The problem is the "Intelligent" exposure choices we as photographers make in less than ideal situations we simply cannot with this phone or any app. It begs the question, why not?
 
nycphotography said:
I learned a long time ago that there will be NO APP for anything that Apple might disapprove of, such as using your phone as a hotspot for your laptop, enjoying an app with a sense of humor that amuses you but might offend grandma, or might make it possible to use your device in ways that Apple has decided should be reserved to a different device.

If you're disappointed that the apps and extendability is limited, all I can offer is "that's what you get for buying an Apple product".

Definitely something I knew getting into the Apple arena. Goes against my personal philosophy on some levels, that the App Store is so restricted by "Apple approved" content.

Just a disappointment that the auto mode is so dumb, and there are no alternatives.
 
Rotanimod said:
SNIP>It's not that the iPhone physically CAN'T produce quality pics across various real-world situations, its that the designers have programmed the auto mode so horribly that it utterly fails at utilizing the full capability of the camera.

The problem is the "Intelligent" exposure choices we as photographers make in less than ideal situations we simply cannot with this phone or any app.

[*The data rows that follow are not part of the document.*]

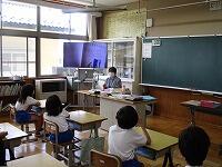 緊張した面持ちでのオンラインによる自己紹介、久しぶりの小学生との交流がスタートです。
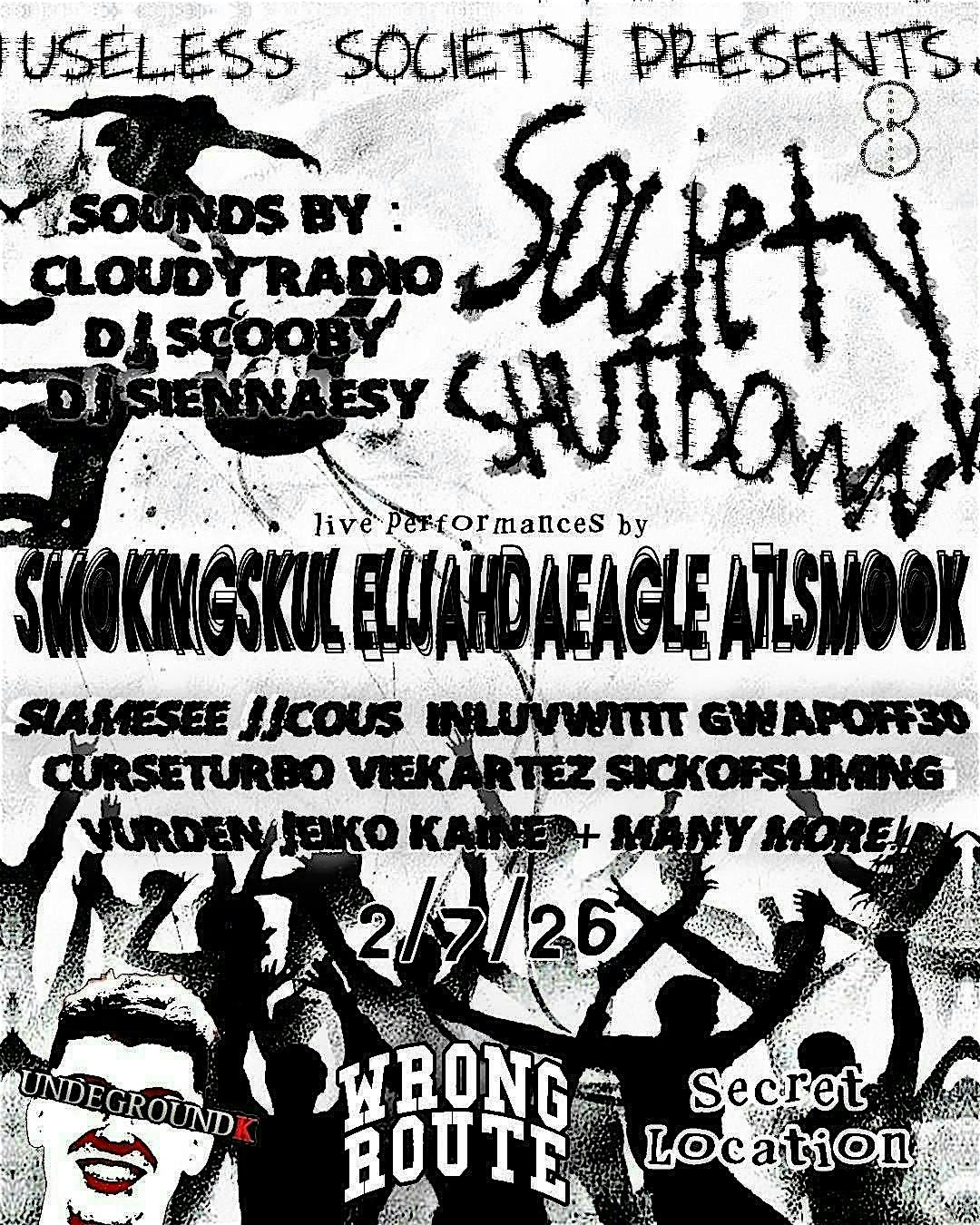 Info: Society Shutdown is a recurring underground music showcase presented by USELESS SOCIETY. This edition brings the movement to Atlanta, uniting both local talent and out-of-town artists to showcase their raw sound, individuality, and creative energy.
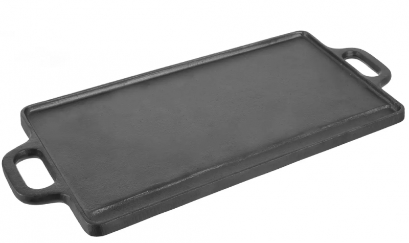 Obojstranná doska na grilovanie s typickou rebrovanou štruktúrou na jednej strane a hladkou stranou na druhej je vyrobená z odolnej liatiny.

It begs the question, why not?

Yeah...the iPhone's lens is actually pretty GOOD. With a 5- to 8-MP, backside-illuminated sensor behind a multi-element f/2.8 or f/2.5 lens, the "imaging" parts of the iPhone 4,4s,and 5 are pretty good,actually. I suspect that the majority of snapshooters will use the built-in flash in "many" indoor lighting conditions. And it does "okay". But I agree, the designers have made a truly regrettable decision with the relationship between Exposure Value level, and ISO, and shutter speed...

Looking through over 15,000 of my own iPhone 4 shots I have made since August of 2011, the VAST,vast majority of the clunkers are due to the shutter speed being too slow because the ISO value has been kept "low". In low-light levels, the typical 1/15 second shutter speed leads to a LOT of blurred shots. Even indoors in say, a well-lighted McDonald's dining room...the speed the camera will pick is too slow to stop motion of a kid eating a cheeseburger...(real-world example from yesterday!!!)